Incremental Improvements with Prototype Regularization

The research extends the GS-LoRA model to GS-LoRA++, which introduces prototype regularization to enhance performance in more practical scenarios, such as when available training samples are scarce. This adaptation leverages class prototypes to guide the erase procedure for unwanted classes while consolidating knowledge for the remaining classes. This ensures robust performance even in situations where traditional datasets are limited, emphasizing the method's versatility and practical applicability.

Experimental Validation

The paper reports extensive experiments across tasks like face recognition, image classification, and object detection, demonstrating the efficacy of GS-LoRA++ in successfully implementing class-specific forgetting. Models equipped with this method can effectively discard selected classes with minimal influence on performances concerning other classes, even when subjected to scenarios typically characterized by few-shot learning data.

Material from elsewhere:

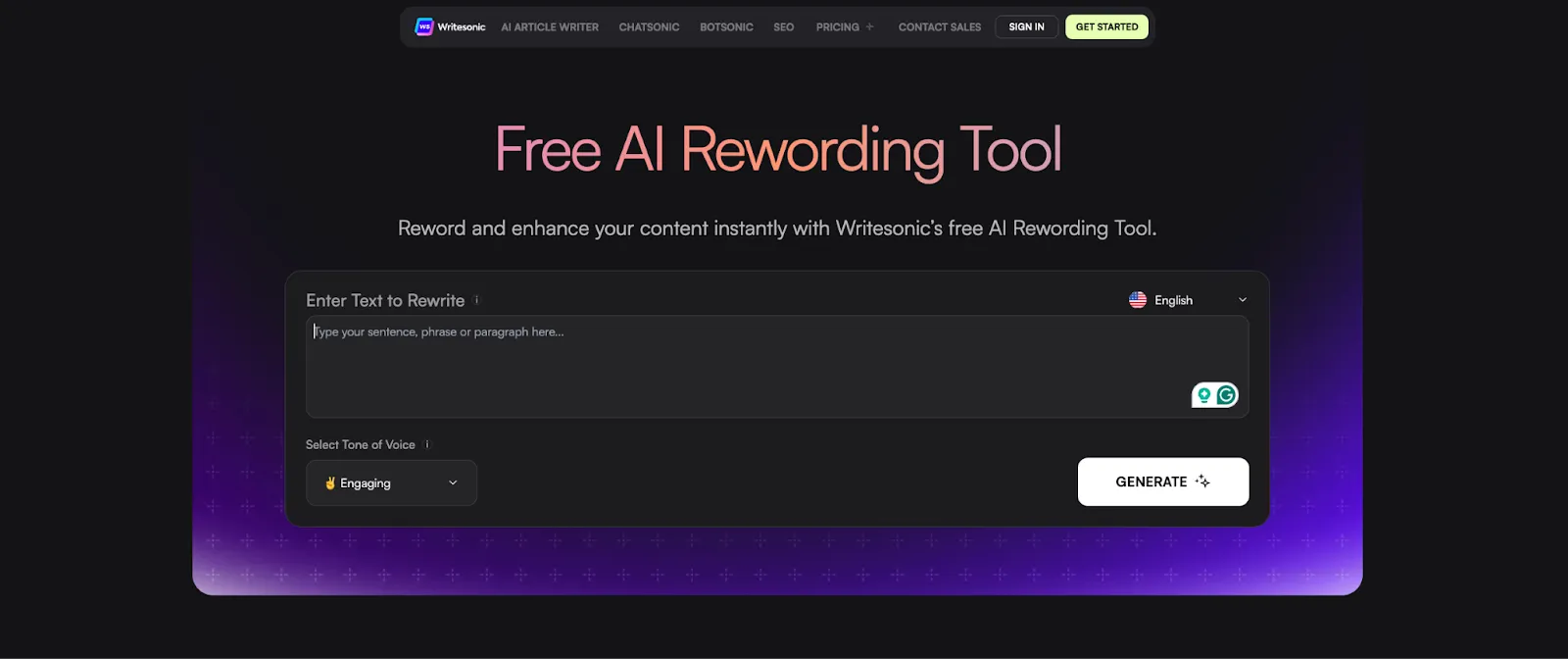 If you need a powerful AI rewording tool that helps you create dynamic, reader-friendly, and SEO-optimized content, Writesonic is a solid choice. It uses advanced AI algorithms and natural language processing (NLP) to help you quickly rephrase articles, essays, emails, and other content without altering the original meaning.
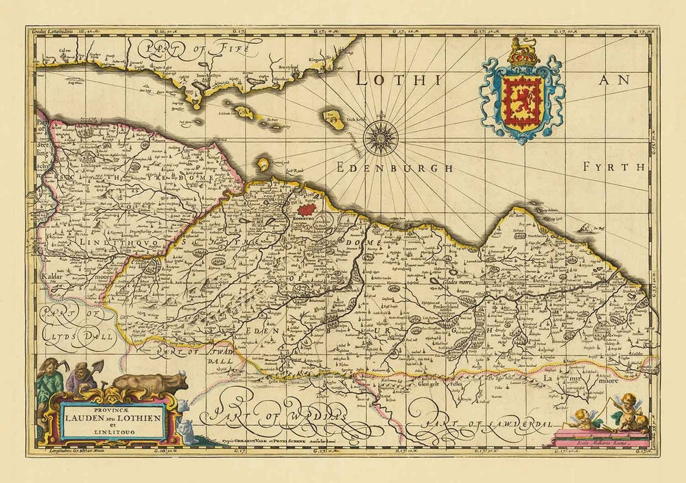 Cette carte s'étend à peu près de Linlithgow à l'ouest et Dunglass à l'est. Aujourd'hui, cela couvrirait à peu près tout le West Lothian, le Midlothian et l'East Lothian.

Furthermore, numerical results highlight the model's efficiency, showcasing a minimal tunable parameter ratio compared to existing methods while maintaining substantive improvements in performance metrics for both forgotten and retained data. This underpins the method's practicality for real-world applications where fast and adaptive responses to forgetting requests are critical.

Implications and Future Directions

The proposed solution presents substantial theoretical and practical implications. Theoretically, it advances the understanding of how selective forgetting can be efficiently operationalized in large vision models. Practically, this method aligns closely with real-world demands where privacy regulations and model biases require dynamism in retaining and discarding learned data.

Looking forward, the integration of more complex prototype schemas or the combination of GS-LoRA++ with strategies from other robust machine learning domains could be explored to further enhance performance and adaptability. Additionally, investigating the mechanisms of knowledge storage within the Transformer architecture may provide insights leading to even more efficient continual forgetting solutions.

The paper concludes by suggesting that the introduction of a practical continual forgetting problem, together with the development of the GS-LoRA++ framework, paves the way for new explorations in both continual learning and machine unlearning disciplines.